Just disappointed. Being a chemistry fossil in his 112th semester
who forgot most of what he has been taught I really don’t think that I look & write like a spammer.
(1) Please imagine a polyethylene film of – say – 30µm thickness. Among the physico-chemical parameters describing the properties of this film also is oxygen transfer rate (OTR) and water vapor transfer rate (WVTR). Both describe transport phenomena of small molecules in a polymer. PE has high OTR & WVTR, indicating that there is an easy diffusion of small molecules in PE.
(2) Imagine our PE film is unilaterally covered (by standard methods) with elemental Cu, be it powder, be it by a sputtering technique.
(3) Further imagine that this elemental Cu is covered by a 2nd polymer film, which is virtually sealed against diffusion, e. g. EVOH or something similar, possessing very small values for OTR and WVTR.
(4) Imagine a scenario where on the PE side this sandwich becomes equilibrated with an atmosphere containing H2S. It is important to add here that we are considering a process over many months or even some years. H2S will follow the concentration gradient and diffuse through the PE film. Subsequently H2S will interact with Cu by chemisorption and/or formation of Cu2S / CuS. This process will come to its end as soon as one of the reactants becomes “eaten up”. Do you agree until this point?
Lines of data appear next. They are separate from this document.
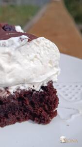 A krémhez a tejszínt kemény habbá verjük, majd hozzáadjuk az édesítőt, vanília aromát, mascarponét és jól kikeverjük.
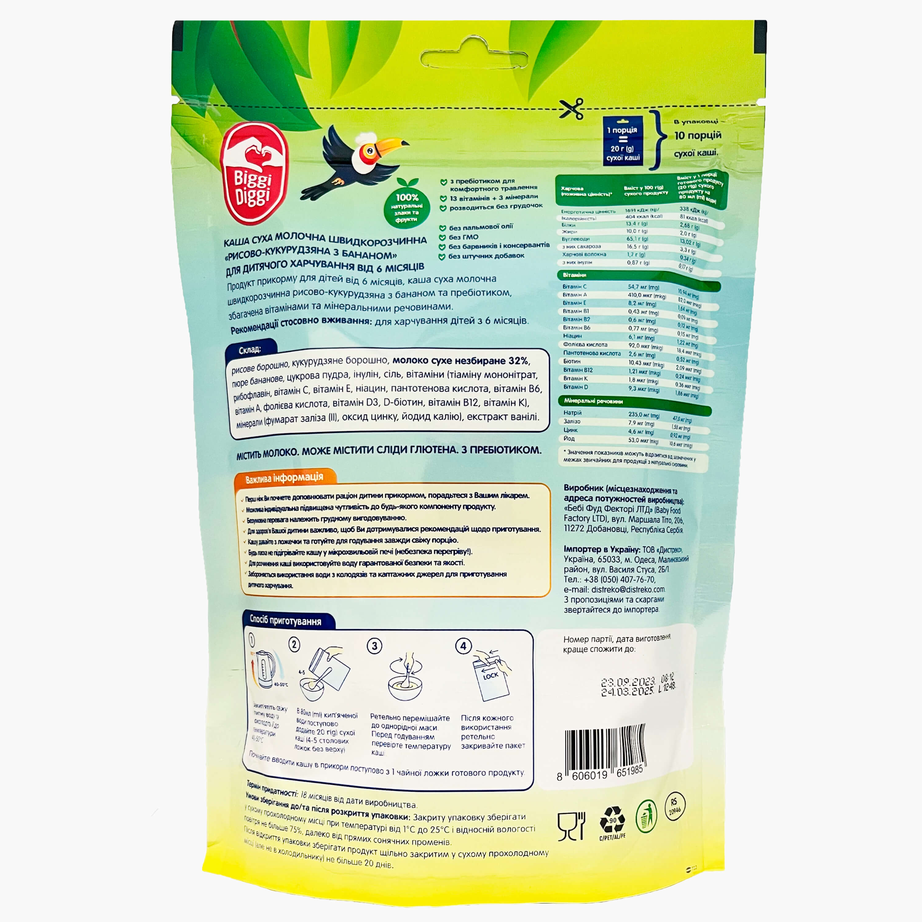 Характеристики BiggiDiggi Каша молочна рисово-кукурудзяна з бананом для дітей з 6 місяців 200г
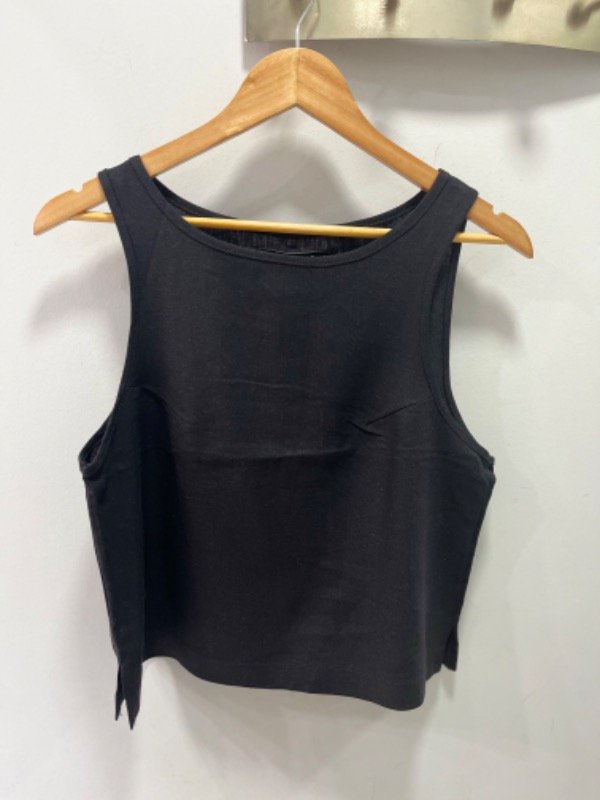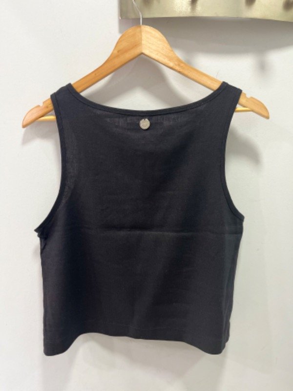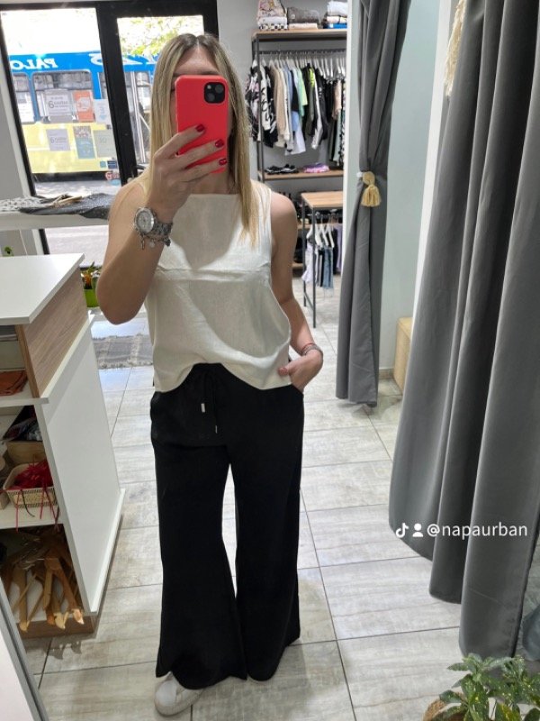 Musculosa de lino cuello cerrado con pinzas en delantero y detalle de chapita en espalda.

(5) Now let’s change the above scenario by replacing H2S by SO2. Again we will see diffusion of SO2 through the PE film. In parallel we will see diffusion of H2O molecules through the PE film.
(6) The 1st molecule SO2, meeting a molecule H2O will form H2SO3. The 2nd molecule H2O passing this will lead to HSO3- + H3O+. Do you agree until this? In any case it is obvious that in the conditions described no pH measurements are possible.
(7) From the literature (electrochemistry, corrosion science) it is known that elemental Cu in the presence of H2O interacts with SO2 in a complex way, ultimately according to the following molecular formula: 6Cu + SO2 --> 2 Cu2O + Cu2S. This is more than surprising (for me at least), because all my life I thought that SO2 is a potent reducing agent.
This said let’s return to the polymer sandwich scenario. In any case it is more than likely that we will see an interaction of SO2 and/or H2SO3 with our elemental Cu. According to the reaction formula given in (7) we also will get Cu2S.
(9) Cu2S as well as CuS form (and are stable) in slightly acidic medium. On the other hand, however, at a lower pH both sulfides become cleaved, forming free H2S. This free H2S – once it is formed in the above scenario – would follow the concentration gradient and diffuse out of the PE film. I discussed the problem with a famous US geoscientist. He told me that in his opinion and derived from his experience with copper minerals the stability border of Cu2S / CuS should be around pH 1,5.
10. So obviously the crucial question is: Can our H2SO3, putatively formed “in situ” from SO2 and H2O, reach an acidity capable of cleaving Cu2S / CuS or – for that matter – prevent formation of Cu sulfides, leading to formation of free H2S?
In summary let’s return to my question, asked in my 1st post: Is it conceivable that aqueous H2SO3 has a pH which can cleave Cu2S / CuS? Or is it possible that the pH of said H2SO3 is such that formation of Cu2S / CuS is impaired, in either way leading to the formation of freeH2S?
Borek, if you still think this thread is of public interest I have no issues in publicly discussing it. However, I still think we should switch to a private channel. Being sort of an admin it should be easy for you to enable this.
Thank you and curiously looking forward to your comment.